▸ ASSIGNMENT:
Print the records below exactly, starting at the first line and stopping after the line that contains "- Industries that". Leave out any pictures.

◆ ◆ ◆ ◆ ◆

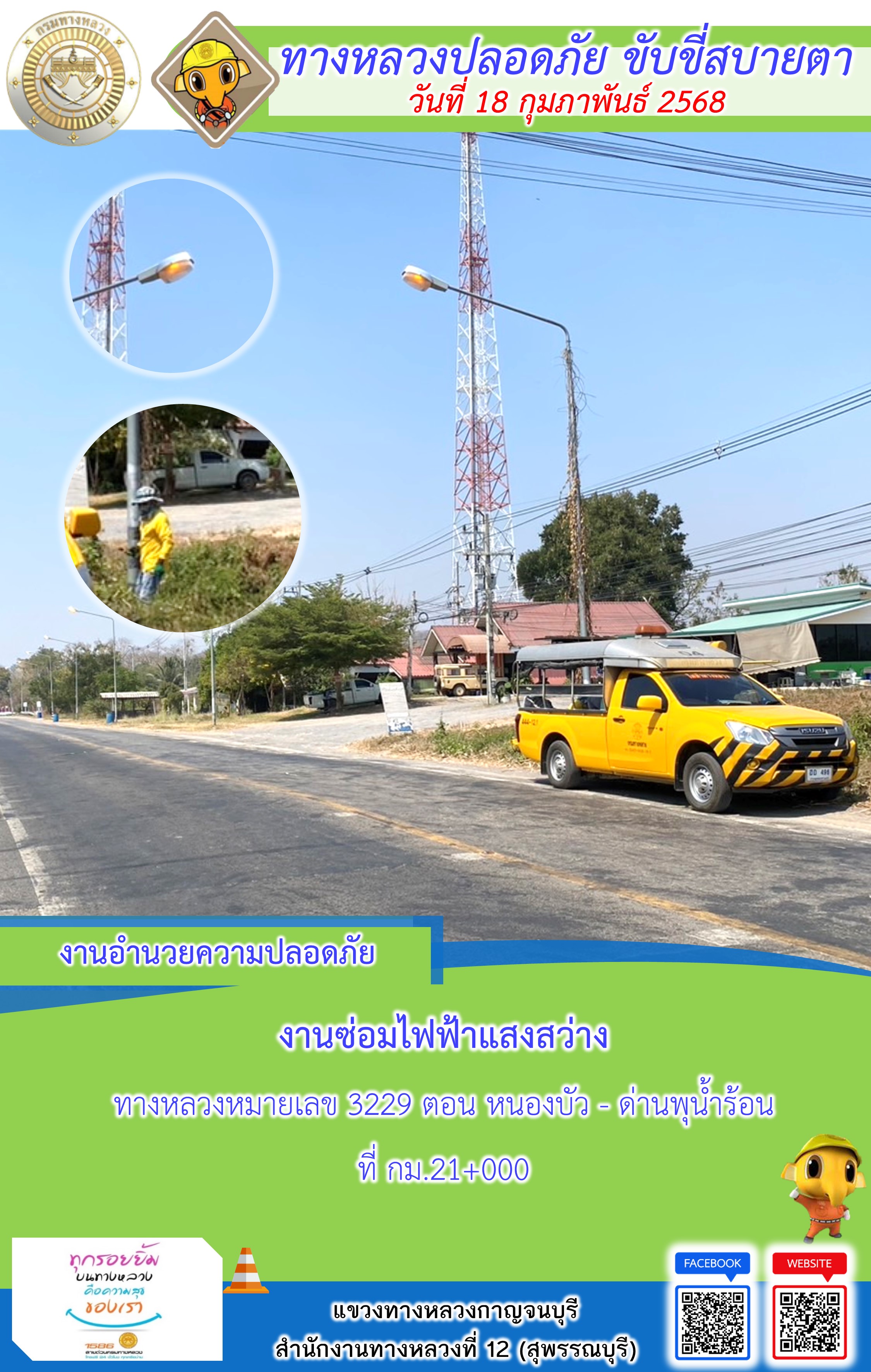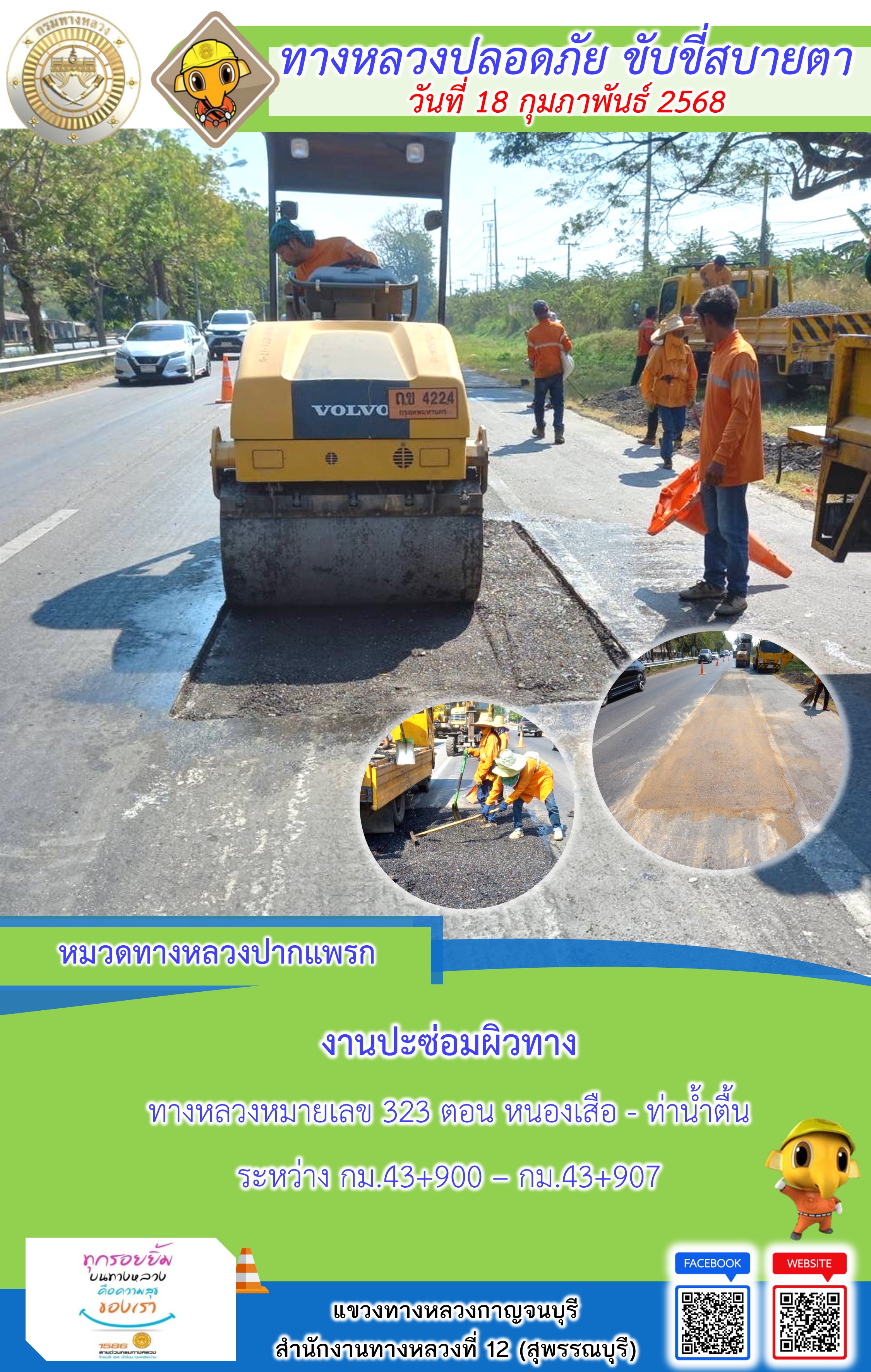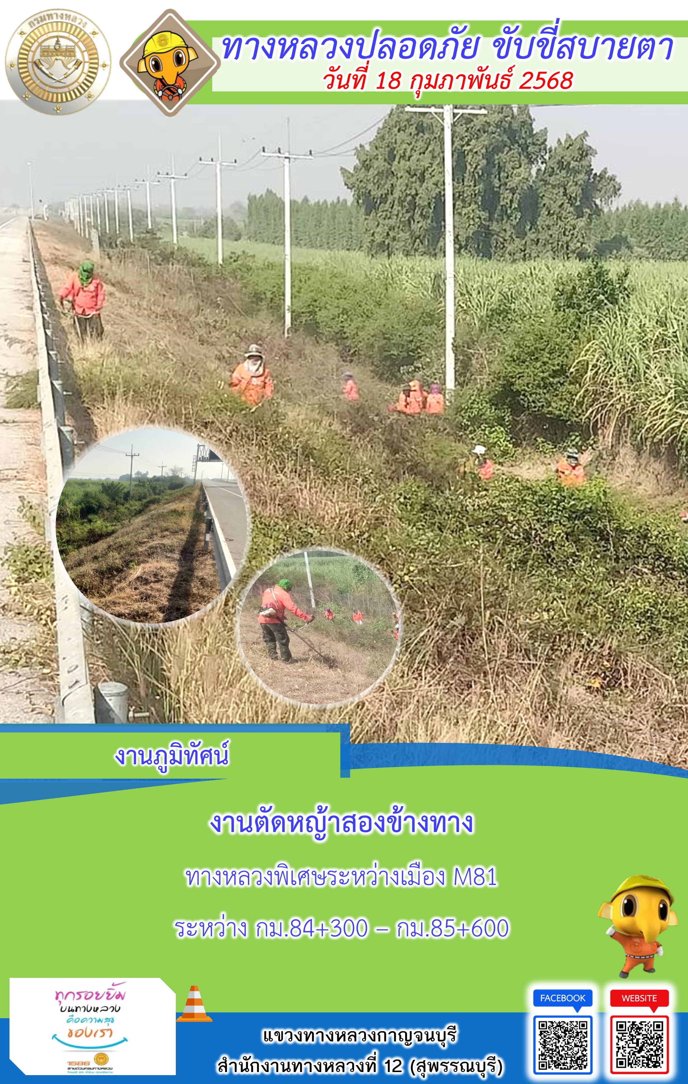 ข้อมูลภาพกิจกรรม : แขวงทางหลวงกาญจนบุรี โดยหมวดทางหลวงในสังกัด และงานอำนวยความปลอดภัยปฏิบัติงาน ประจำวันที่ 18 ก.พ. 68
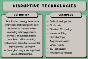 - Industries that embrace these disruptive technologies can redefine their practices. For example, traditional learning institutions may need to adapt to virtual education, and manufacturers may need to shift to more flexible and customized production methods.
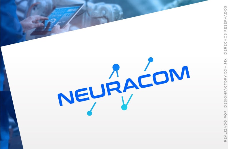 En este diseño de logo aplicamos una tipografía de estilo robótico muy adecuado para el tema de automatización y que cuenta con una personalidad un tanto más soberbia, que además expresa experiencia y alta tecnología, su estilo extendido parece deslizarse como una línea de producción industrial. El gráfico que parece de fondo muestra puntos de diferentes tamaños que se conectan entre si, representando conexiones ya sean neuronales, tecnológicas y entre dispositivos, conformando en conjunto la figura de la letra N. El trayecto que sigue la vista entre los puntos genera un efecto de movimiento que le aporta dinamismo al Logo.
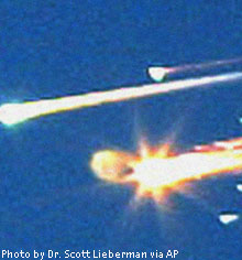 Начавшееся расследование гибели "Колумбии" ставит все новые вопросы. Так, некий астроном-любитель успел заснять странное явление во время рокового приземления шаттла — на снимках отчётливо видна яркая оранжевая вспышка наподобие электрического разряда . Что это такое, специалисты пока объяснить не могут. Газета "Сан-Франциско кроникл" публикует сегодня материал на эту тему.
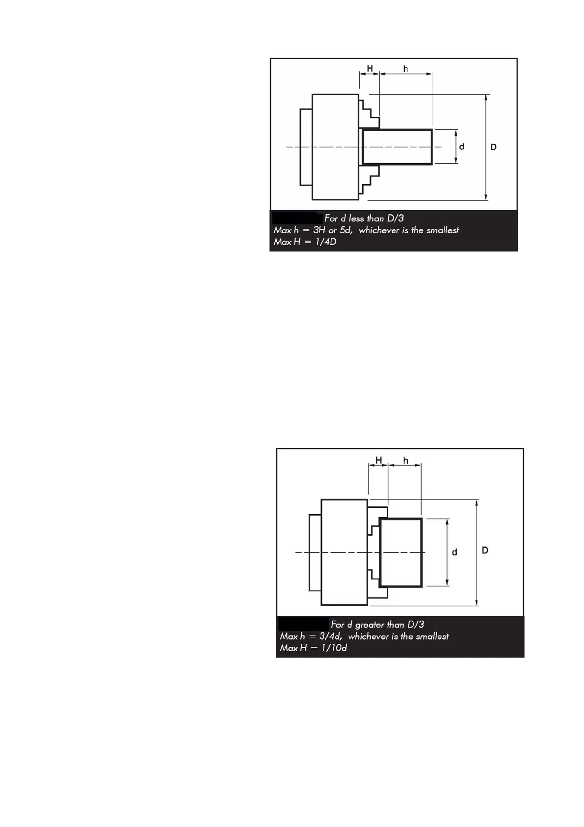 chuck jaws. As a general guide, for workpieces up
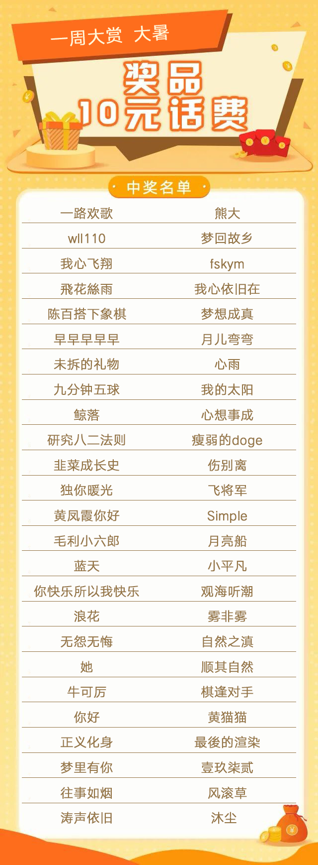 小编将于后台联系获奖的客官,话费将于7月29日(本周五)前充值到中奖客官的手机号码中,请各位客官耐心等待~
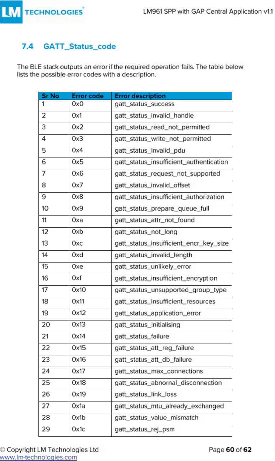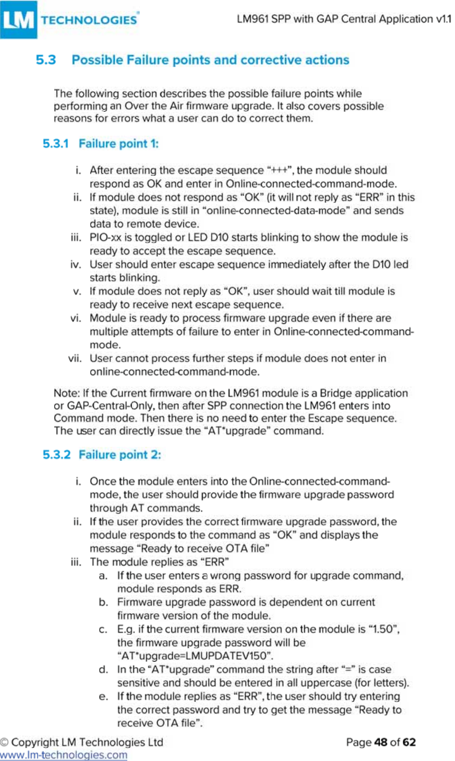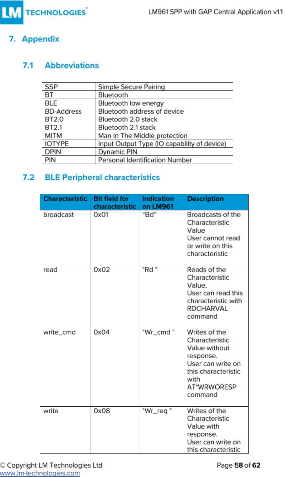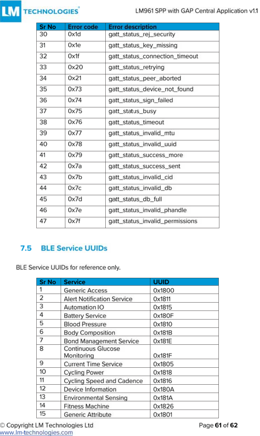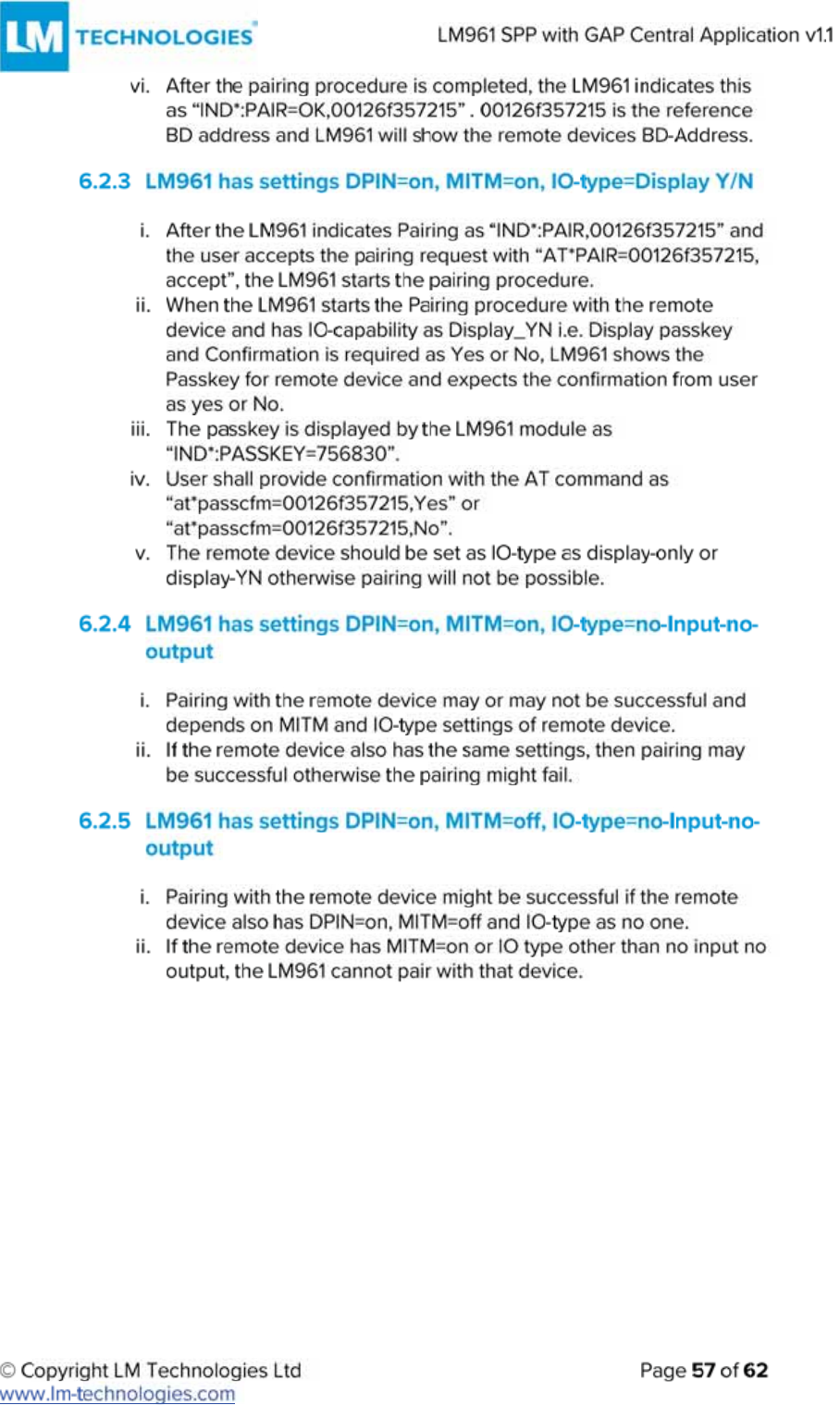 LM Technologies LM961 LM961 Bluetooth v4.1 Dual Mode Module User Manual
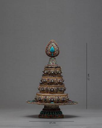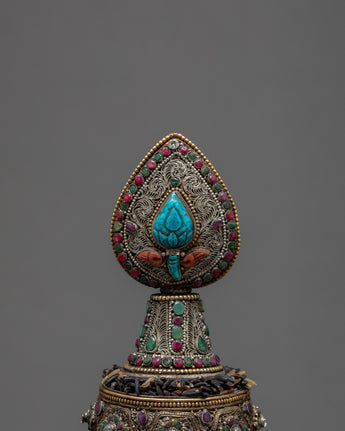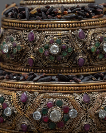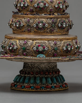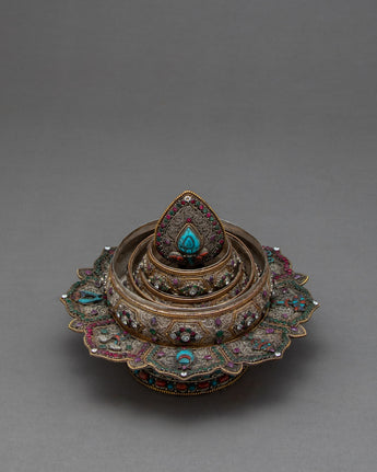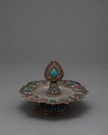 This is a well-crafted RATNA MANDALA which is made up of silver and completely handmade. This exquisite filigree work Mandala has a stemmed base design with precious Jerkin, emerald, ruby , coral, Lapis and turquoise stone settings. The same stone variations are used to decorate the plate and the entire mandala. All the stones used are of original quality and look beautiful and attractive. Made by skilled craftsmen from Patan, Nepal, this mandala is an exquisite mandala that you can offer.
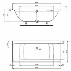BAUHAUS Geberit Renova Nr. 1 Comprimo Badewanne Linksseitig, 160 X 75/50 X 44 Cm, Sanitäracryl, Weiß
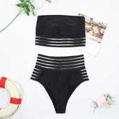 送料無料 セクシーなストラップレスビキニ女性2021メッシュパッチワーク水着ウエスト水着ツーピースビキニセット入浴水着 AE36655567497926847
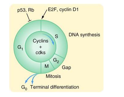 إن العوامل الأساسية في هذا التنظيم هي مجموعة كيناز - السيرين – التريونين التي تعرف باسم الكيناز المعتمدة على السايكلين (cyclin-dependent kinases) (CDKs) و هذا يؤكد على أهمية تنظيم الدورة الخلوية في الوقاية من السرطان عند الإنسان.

◆ ◆ ◆ ◆ ◆

▸ EXERCISE RESPONSE:
 ข้อมูลภาพกิจกรรม : แขวงทางหลวงกาญจนบุรี โดยหมวดทางหลวงในสังกัด และงานอำนวยความปลอดภัยปฏิบัติงาน ประจำวันที่ 18 ก.พ. 68
 - Industries that embrace these disruptive technologies can redefine their practices. For example, traditional learning institutions may need to adapt to virtual education, and manufacturers may need to shift to more flexible and customized production methods.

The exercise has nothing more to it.